NASCAR Craftsman Truck Series career
- 1 race run over 1 year
- 2016 position: 79th
- Best finish: 79th (2016)
- First race: 2016 Texas Roadhouse 200 (Martinsville)
| Wins | Top tens | Poles |
| 0 | 0 | 0 |

ARCA Menards Series career
- 22 races run over 4 years
- Best finish: 12th (2015)
- First race: 2013 Allen Crowe Memorial 100 (Springfield)
- Last race: 2025 Bush's Beans 200 (Bristol)
| Wins | Top tens | Poles |
| 0 | 0 | 0 |

ARCA Menards Series East career
- 1 race run over 1 year
- Best finish: 74th (2025)
- First race: 2025 Bush's Beans 200 (Bristol)
| Wins | Top tens | Poles |
| 0 | 0 | 0 |

= Josh White (racing driver) =

American stock car driver and Marine (born 1991)

Joshua White (born May 7, 1991) is an American professional stock car and dirt modified racing driver. A U.S. Marine Corps veteran, White is recognized as the first 100% service-disabled Marine to compete in NASCAR, as well as the second U.S. Marine to compete in NASCAR history. In 2026, the Motorsports Hall of Fame of America began displaying his U.S. Marine Corps dress uniform to honor his military service and his historic standing in the sport. Along with his national series experience, White actively competes in regional dirt modified programs and manages Josh White Racing, an organization dedicated to veteran advocacy, vocational training, and community tribute initiatives such as the "Laps of Honor" program.

==Racing career==
At eight years old, White's grandfather allowed him to drive his truck around the family's farm, while his grandmother rode with him during drives in the truck, which White stated was what began his interest in racing. After her death before a 2015 race at Salem Speedway, White placed a memorial decal on his ARCA Racing Series car.

White started racing when he was sixteen, competing in drag racing, followed by mud bogging at the age of 18. In 2007, he raced at Kanawha Valley Motorsports Park, winning four times in the track's IHRA Street Modified division.
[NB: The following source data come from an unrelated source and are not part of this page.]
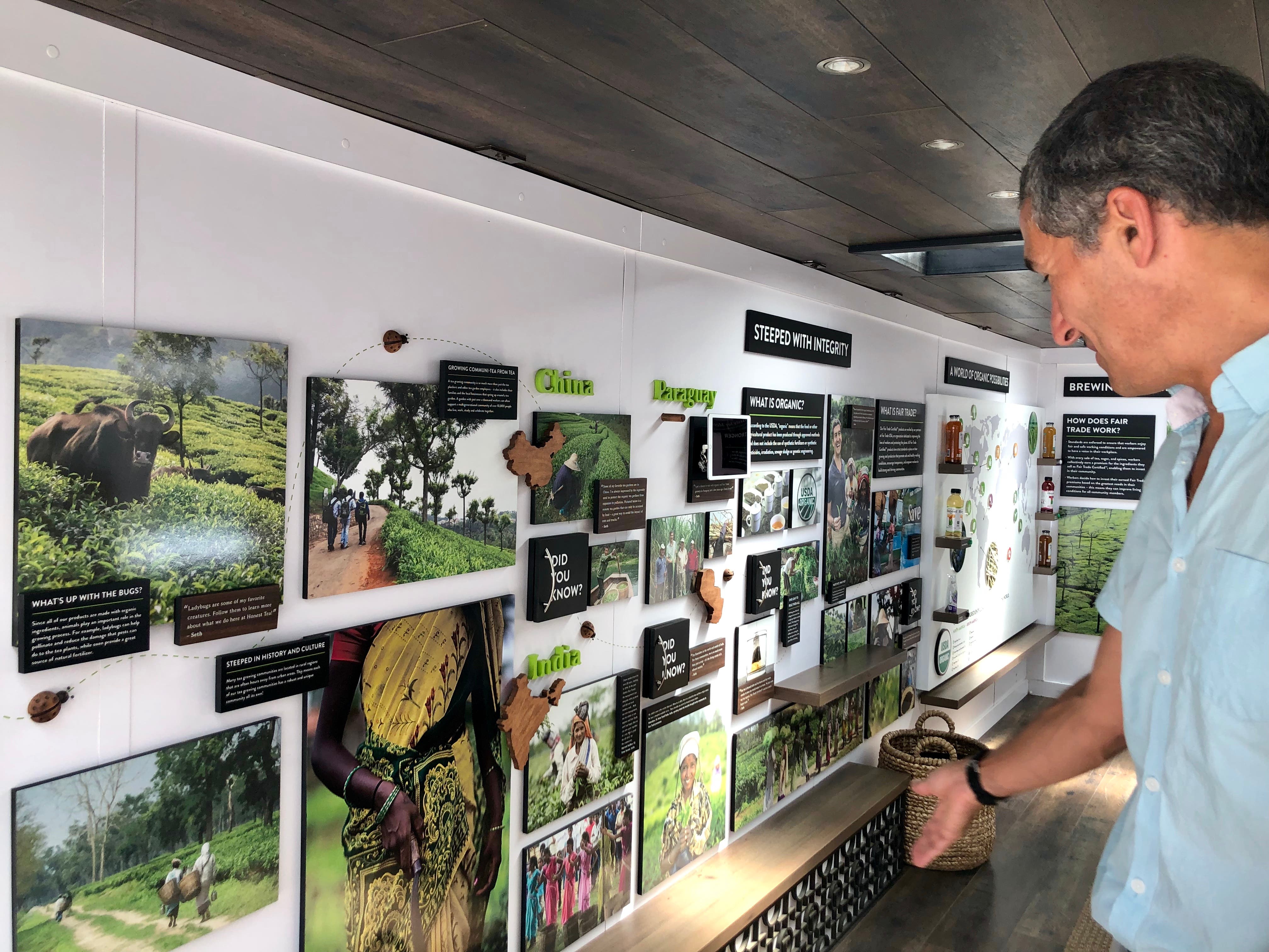 Behind the stand is a silver trailer packed with information about Honest Tea, its process of growing organic tea leaves, and how Fair Trade premiums benefit communities in need.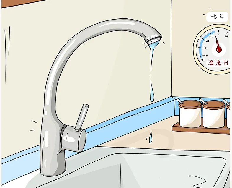 当寒潮来袭,只需在夜晚将水龙头保持一滴接一滴的细缓水流,便能让管道内的水持续流动,从而防止冻结。记得用桶接住水滴,既保管道,又惜水源。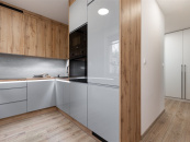 V kuchyni je kuchyňská linka na míru ve tvaru U v kombinaci šedého lesku a dekoru dřeva s vestavěnými spotřebiči lednice s mrazákem, plně integrovaná myčka, mikrovlnná trouba, elektrická trouba, indukce, digestoř a granitový dřez.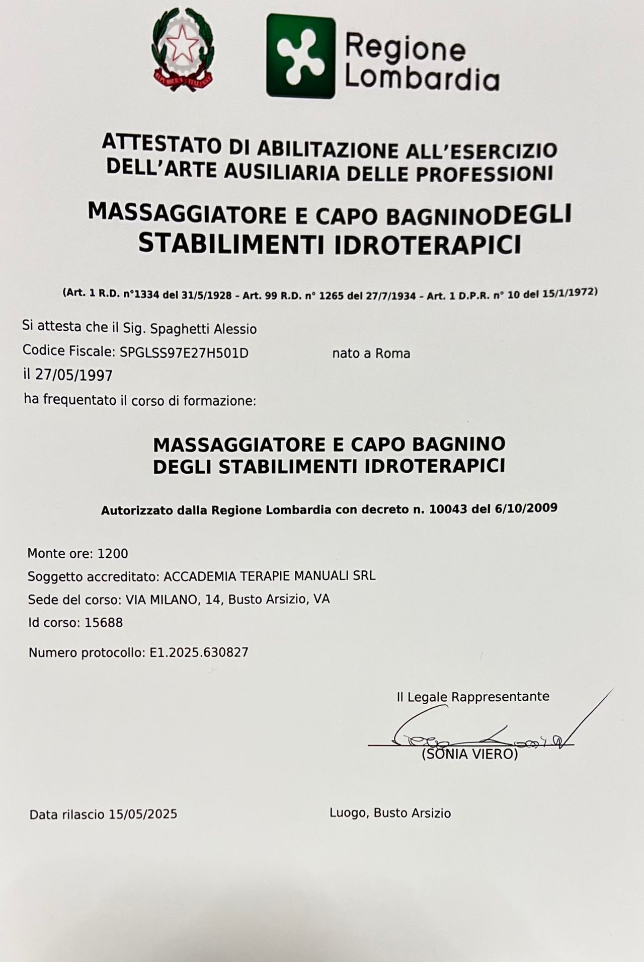 Il dottor Alessio Spaghetti è un osteopata molto competente e professionale. Dimostra grande attenzione, precisione e una notevole passione per il suo lavoro. Le sue spiegazioni sono sempre chiare e ogni trattamento risulta efficace grazie alla sua capacità di individuare rapidamente il problema. Consiglio vivamente il suo studio a chi cerca un professionista serio e preparato

Two years later, he joined the track's IHRA Modified, recording five wins.

In 2010, White enlisted in the United States Marine Corps Reserve, attending boot camp at Parris Island. He was part of the USMC's Ready Reserve (IRR) program as a lance corporal. After returning from basic training a year later, he re-entered racing and switched to stock cars, running IMCA Crate Late Models at I-77 Raceway, where he had five top-five finishes and a win.

In 2012, White ran an Automobile Racing Club of America race at Toledo Speedway, where he finished thirteenth. The following season, he began competing full-time in the ARCA Lincoln Welders Truck Series for Team Wilson, driving the No. 9 Ford. That year, he made his ARCA Racing Series debut for Hixson Motorsports at the Illinois State Fairgrounds in Springfield; he retired from the race after two laps with handling problems and finished 31st. He also made a start at the DuQuoin State Fairgrounds Racetrack, where he finished 30th. He did not make an ARCA Racing Series start in 2014, but returned for the 2015 season, running seventeenth races for Hixson. He ended the season twelfth in points with a best finish of 21st at Springfield.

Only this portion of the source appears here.